I have never claimed to have good taste. Sometimes my taste is pretty darned tacky. So, I admit here that I actually like The Chipmunk Song. I had a Christmas collection that included that song and my boss happened to call in and be put on hold while it was playing. He nearly had a stroke, because he absolutely despises the song. I considered torturing him with keeping it on there permanently, but I relented and that CD only gets played in my personal CD player a couple of times during December. I listened to it on the way to work this morning and decided part of its charm must be that The Chipmunks sound exactly like rat terriers would if they could sing. Including the owner hollering "ALVIN!", except in my case it would be "COCO!" since she's the one that would be wandering off, distracted by something at the window or tracking a bug across the room.

My all time favorite song is Greensleeves, which I know I've mentioned several times, and I get to listen to it a lot this time of year, since the tune was used for What Child is This?. I was poking through my Christmas CDs this morning for a new batch for the road and re-discovered an album of Christmas music on banjo that I had forgotten about. I told you, I have no taste, but it's really not that bad if you like banjo music and I do. Their version of Greensleeves was bouncy and I still absolutely loved it.

I must have 20-30 different versions of Greensleeves at this point, most of them instrumentals only, and have seriously considered ripping a CD of nothing but that piece, over and over, in every arrangement and genre. A couple of years back, somebody actually released a CD of nothing but different versions of Pachebel's Canon, another song I like very much but have no desire to listen to repetitively for an hour or more. Greensleeves, on the other hand, I don't think I would tire of.

In a total departure from the topic, have I mentioned how much I despise Christmas shopping? I once was an avid mall-rat, delighted to sniff out good deals and stay on my feet from dawn to dusk. Now I get hostile in direct proportion to the amount of crowd around me. I've been doing the scant Christmas shopping I felt I had to do this year in the small open-air malls of the little towns that circle Austin and refusing to go into Austin at all. Even the small towns are full of irritable folks who look daggers at you if you happen to be ahead of them when the good parking space opens up and you, rightfully so, take advantage of it. Nobody is going to yield right of way to anybody else. I thought I was going to witness a rumble the other day when a girl was standing in the middle of a prime parking space, holding it for somebody that was two rows over and refusing to move for the guy who had also seen the spot and had no one to hop out and go stand and hold it for him.

This is just the parking lots. The stores themselves should have bright yellow caution tape draped around them.

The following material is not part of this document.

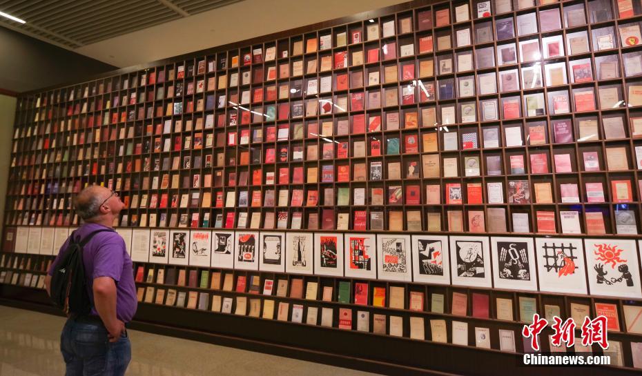 5月9日,北京“真理的力量——紀(jì)念馬克思誕辰200周年主題展覽”現(xiàn)場,一位外國觀眾被馬克思原版圖書墻吸引。該展覽展出馬克思、恩格斯、列寧手稿、筆記本及親筆簽名的書籍原版等珍貴文獻(xiàn)100余件,原版圖書900余種,圖片150余幅,馬克思主義題材美術(shù)作品70余幅,雕塑作品6尊等。 中新社記者 賈天勇 攝
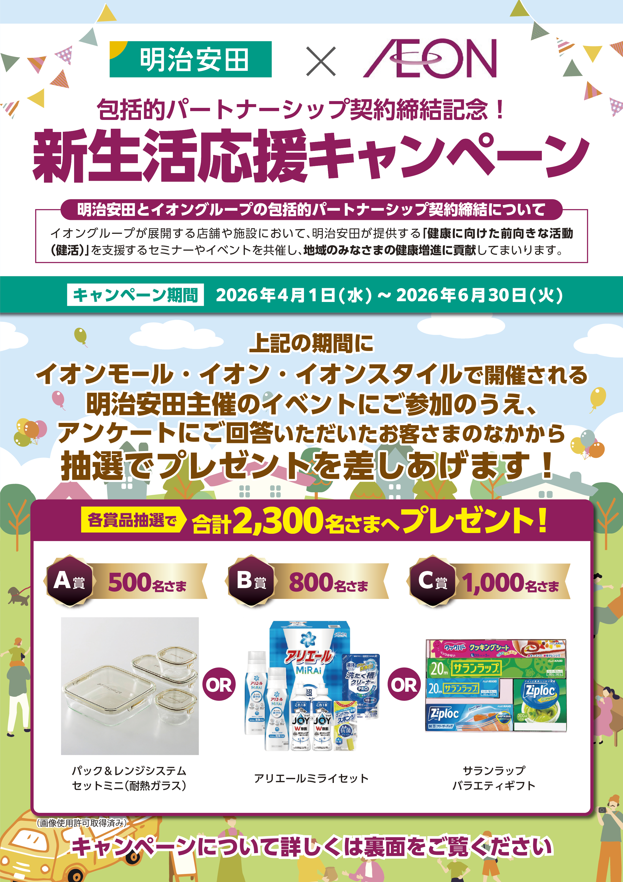キャンペーン期間中に、イオンモール・イオン・イオンスタイルで開催される明治安田主催のイベントにご参加のうえ、簡単なアンケートにお答えいただいたお客さまのなかから抽選で合計2.300名さまに素敵な賞品をプレゼントします!次画面の入力フォームからアンケートにお答えください。

Remember when Christmas was something to look forward to? The only thing I'm looking forward to this year is the two weeks of vacation that happen to coincide with this madness. Me and the two Chipmunks that live with me plan to be as inert as possible. Let everybody else make themselves crazy. I have two bottles of amaretto, a good supply of Sprite to mix with it, a stack of unwatched DVDs and a knitting project, not to mention a GREAT big pile of new genealogy finds to sort and file, and a new dollhouse to piddle with.

But no hula hoop. Wonder if I could still keep one going?



RMG said...

If you try to hula-hoop, what would the doggies think? "She's really lost it now..."

LSW said...

They already think I've slipped my moorings. Probably wouldn't even bat an eye.